Ex-Citicorp Credit Pro Brings Strong Credentials to Fleet
Peter C. Fitts' appointment to be credit czar at Fleet/Norstar Financial Group Inc. reflects the company's movement into the upper echelons of U.S. banking.
"In July, the Bank of New England deal will make Fleet almost as large as a money-center, and they need an entirely new layer of management," said Gerard Cassidy, an analyst for Tucker, Anthony in Portland, Maine.
Mr. Fitts, 50, spent 26 years at Citicorp in commercial lending and managing problem credits. He most recently oversaw credit administration in the company's North American banking units. His wide background includes negotiations during the Chrysler bailout and the International Harvester workout.

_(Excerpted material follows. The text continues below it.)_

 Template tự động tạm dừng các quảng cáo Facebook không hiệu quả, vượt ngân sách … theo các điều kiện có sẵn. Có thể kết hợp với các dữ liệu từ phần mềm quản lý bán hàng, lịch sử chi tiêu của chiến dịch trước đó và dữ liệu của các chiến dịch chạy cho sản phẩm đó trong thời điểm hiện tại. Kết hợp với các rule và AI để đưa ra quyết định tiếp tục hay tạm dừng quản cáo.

At Fleet, he will be responsible for administration and will oversee credit quality, portfolio management, and appraisals at commercial banking units in New England and New York. His mandate is to create a corporate umbrella for credit control as the Rhode Island company expands.

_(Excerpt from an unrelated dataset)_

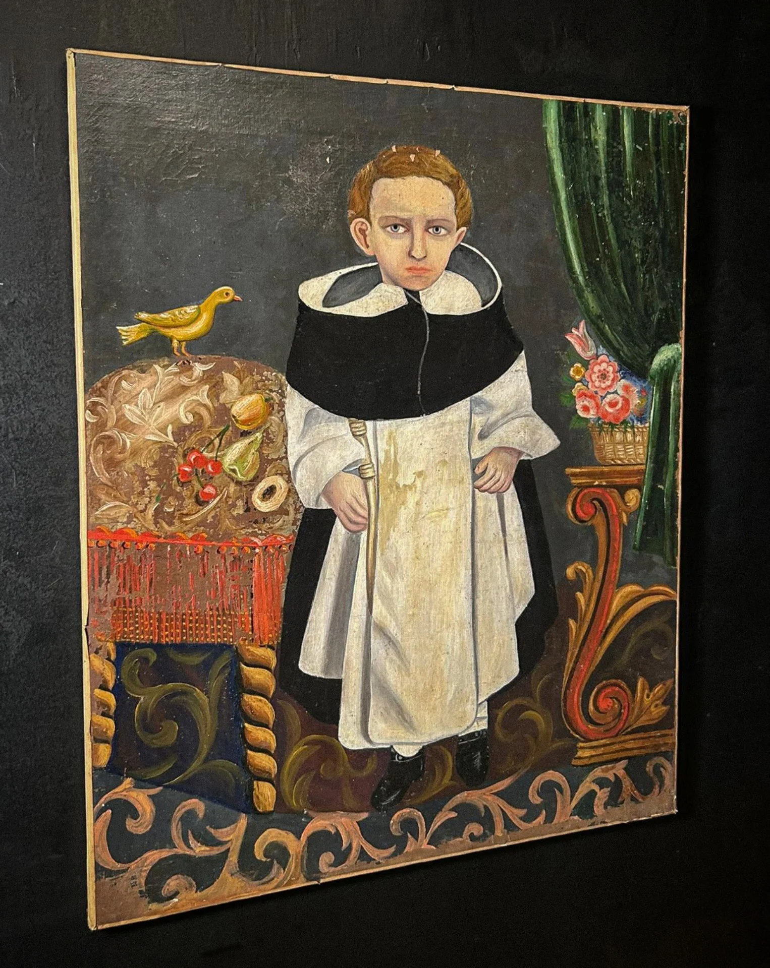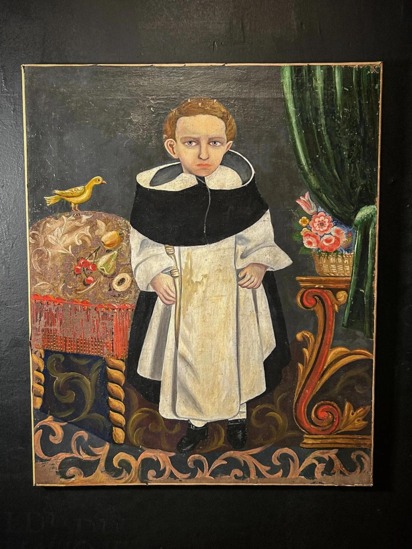 Interessante dipinto ad olio su tela risalente al XIX secolo, raffigurante un giovane monaco, probabilmente appartenente all’Ordine dei Predicatori (Domenicani), riconoscibile dall’abito bianco con mantello nero. L’opera è eseguita in stile naif o popolare, con una composizione semplice ma arricchita da elementi simbolici e decorativi.

With the acquisition of the failed Bank of New England franchise, Fleet will add $14 billion in assets, becoming a $46 billion-asset powerhouse.
Though Fleet has undisputed leadership in its region, it must fight to stay profitable in New England's recessionary climate. Tight control of lending practices will be crucial to not becoming an unwieldy giant, analysts say.
The post of credit chief was created partly to ease government pressure on Fleet, which despite its relative health signed an agreement last year with regulators to tighten lending standards at several New England subsidiaries. Mr. Fitts will also have a hand in maintaining and selling $5 billion in bad assets of Bank of New England, which Fleet will manage for the government.
A garrulous dealmaker and workout specialist, Mr. Fitts joined the European banking group of Citicorp as a credit analyst. He transferred to the domestic operation, Citicorp Leasing, in 1974, and was made head of the unit a year later.
A Top Workout Specialist
He became head of institutional recovery management for Citibank's worldwide workout unit in 1979 and head of credit policy for the North American investment group in 1985.
Mr. Fitts had a hand in many of the major loan workout efforts at Citibank, including publicized deals to save Mattell Toy Co. and International Harvester from bankruptcy in the early 1980s.
"The name of the game [in workouts] is not to go into a bankruptcy," he says. "You have to end up with enough of the core company remaining to work your way out of the problems. Basically, you do anything you can to avoid a hard landing."
In the 1978 government bailout of Chrysler, he looked after Citibank's interests, sitting across the table from Lee Iacocca. It was a character-building episode, Mr. Fitts says.